Extracted records
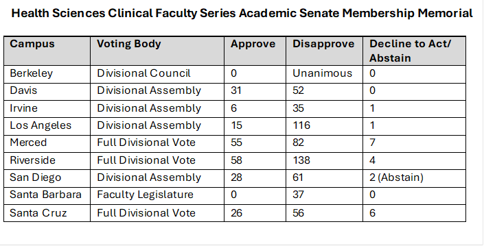 [Health Sciences Clinical Faculty Series Academic Senate Membership Memorial Campus Voting Body Approve Disapprove Decline to Act/ Abstain Berkeley Divisional Council 0 Unanimous 0 Davis Divisional Assembly 31 52 0 Irvine Divisional Assembly 6 35 1 Los Angeles Divisional Assembly 15 116 1 Merced Full Divisional Vote 55 82 7 Riverside Full Divisional Vote 58 138 4 San Diego Divisional Assembly 28 61 2 (Abstain) Santa Barbara Faculty Legislature 0 37 0 Santa Cruz Full Divisional Vote 26 56 6]
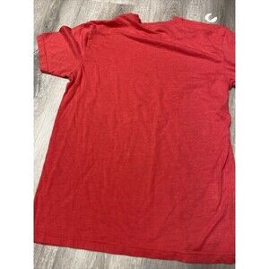 Nice quality, super soft, heathered red T-shirt. The graphic says the bounce shot by Kawhi Leonard with three different poses. Underneath it says NBPA. Mens size medium, but seems to run a little small, so please check the dimensions carefully. It will not shrink because its only 60% cotton. The rest is polyester. See photos for complete details, I do not see any flaws on this T-shirt.
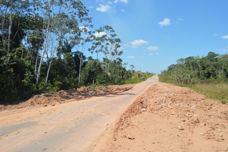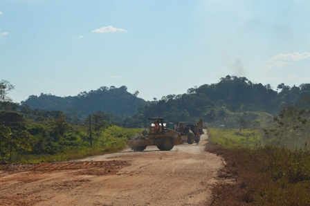 Em um dos trechos mais danificados da BR 364, há apenas uma tímida frente de serviço fazendo uma manutenção em alguns buracos. A frente está localizada nas proximidades do igarapé Mamoré (entre os rios Gregório e Acuraua).
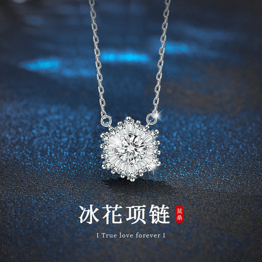 925 Sterling Silver Ice Flower Necklace for Women, Ins Style, High-end D-Color Moissanite Choker Jewelry
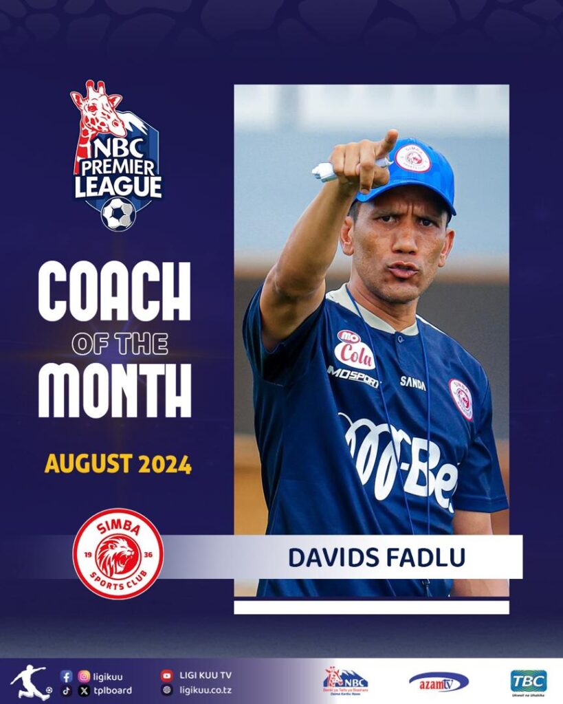 Simba SC head coach Fadlu Davids has been awarded the Coach of the Month accolade for August after an unbeaten run in Tanzanian football.
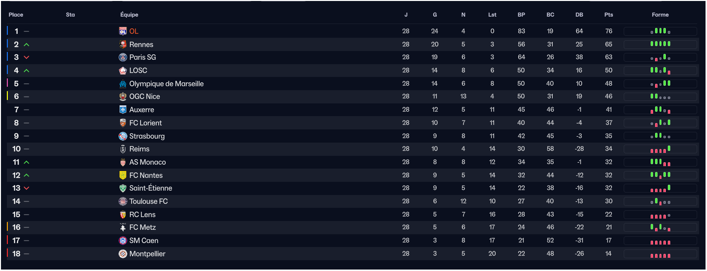 LâĂ©cart se creuse et se porte dĂ©sormais Ă 11 points alors quâil reste 6 matchs. Le matelas semble plus que consĂ©quent.
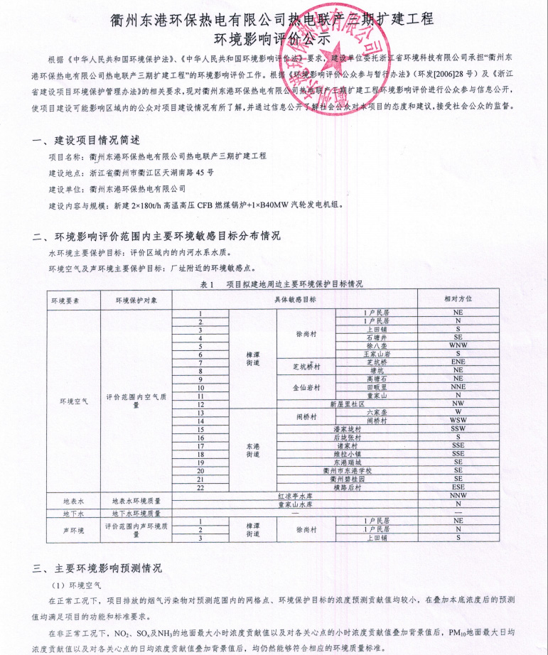 衢州東港環(huán)保熱電有限公司熱電聯(lián)產(chǎn)三期擴建工程環(huán)境影響評價公示
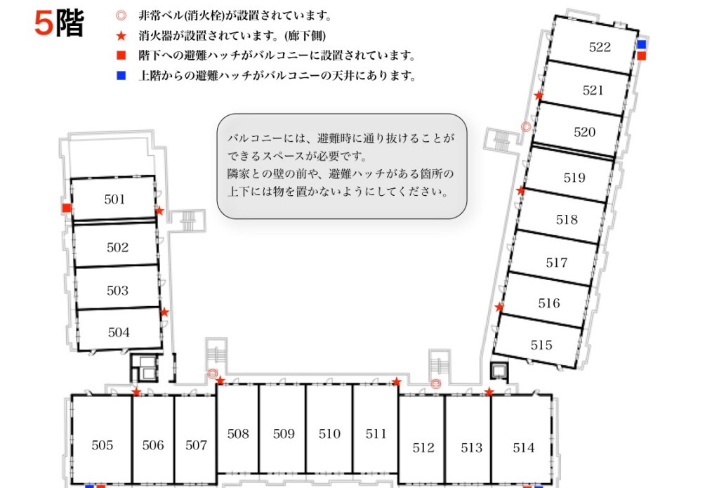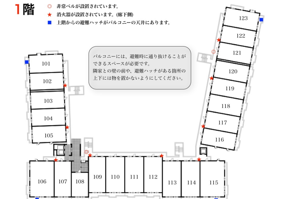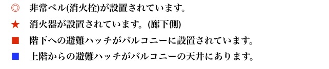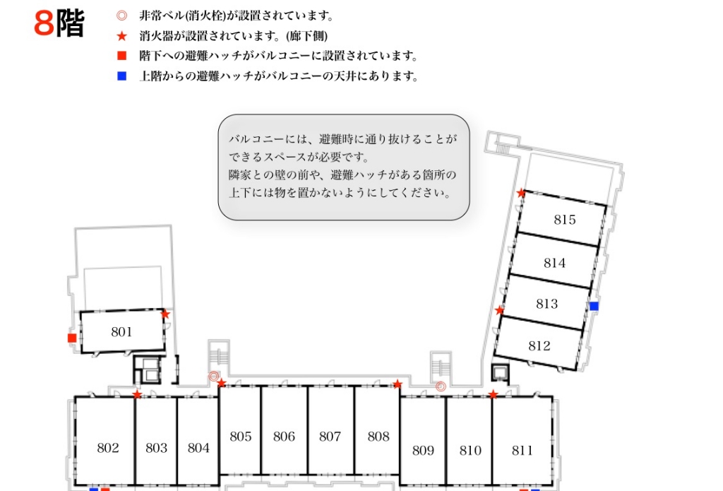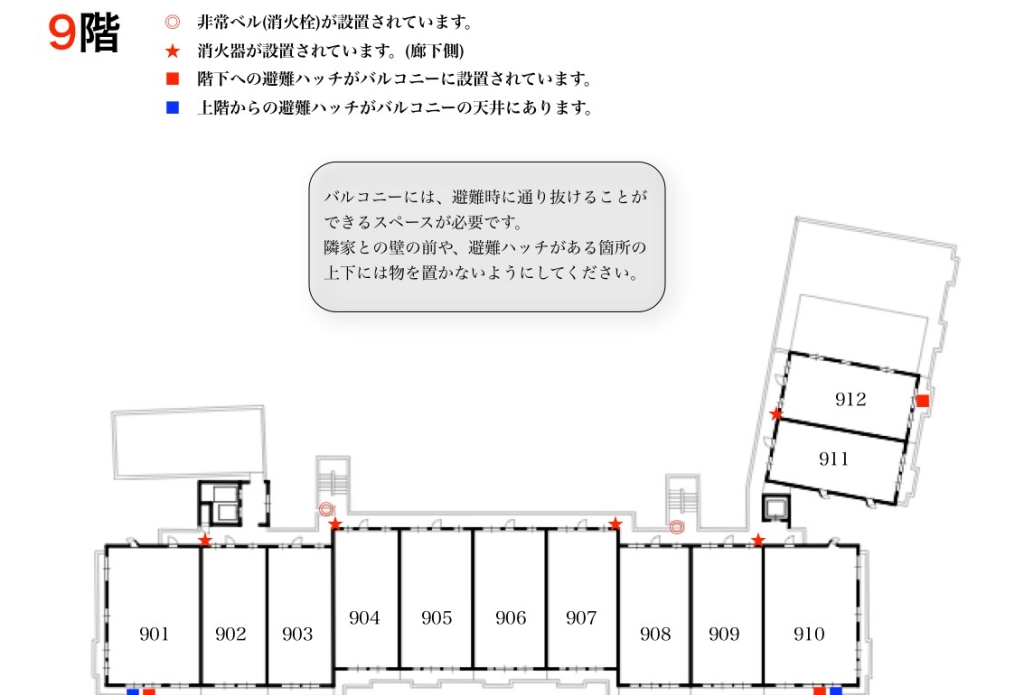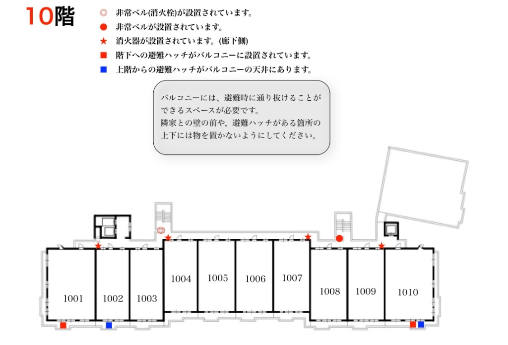 各階の非常ベル・消火栓、消火器、ベランダ避難ハッチの設置場所
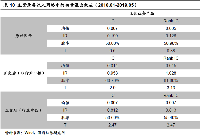 在主营业务收入网络中,存在微弱的动量溢出效应。即,有相同主营产品的公司,股价的变化会有同向的传导现象。但是这种溢出效应,仅存在于非行业中性下的正交因子中。此时,因子的IC和Rank IC分别为0.014和0.015,对应的IR分别为0.953和1.028,胜率高于60%,T值在3左右。然而,进一步对因子做行业中性化处理后,IC和Rank IC大幅下降至0.007。这一结果也很容易解释,因为同一行业中的公司更容易有相同的主营产品,使得主营业务收入网络接近于另一种形式的行业分类。
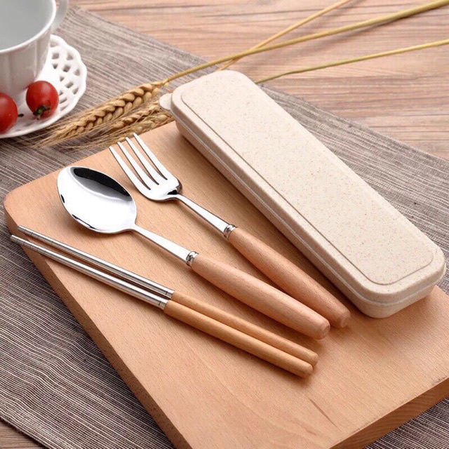 [FREESHIP❤️] SET 3 BỘ ĐŨA THÌA INOX CÁN GỖ ( Kèm hộp lúa mạch tiện dụng)

● TASK REQUIREMENTS
Your answer should be the exact lines above from the one containing "Em um dos trechos" through the one containing "925 Sterling Silver", with both end lines kept and the pictures removed, please.

● TASK SOLUTION
 Em um dos trechos mais danificados da BR 364, há apenas uma tímida frente de serviço fazendo uma manutenção em alguns buracos. A frente está localizada nas proximidades do igarapé Mamoré (entre os rios Gregório e Acuraua).
 925 Sterling Silver Ice Flower Necklace for Women, Ins Style, High-end D-Color Moissanite Choker Jewelry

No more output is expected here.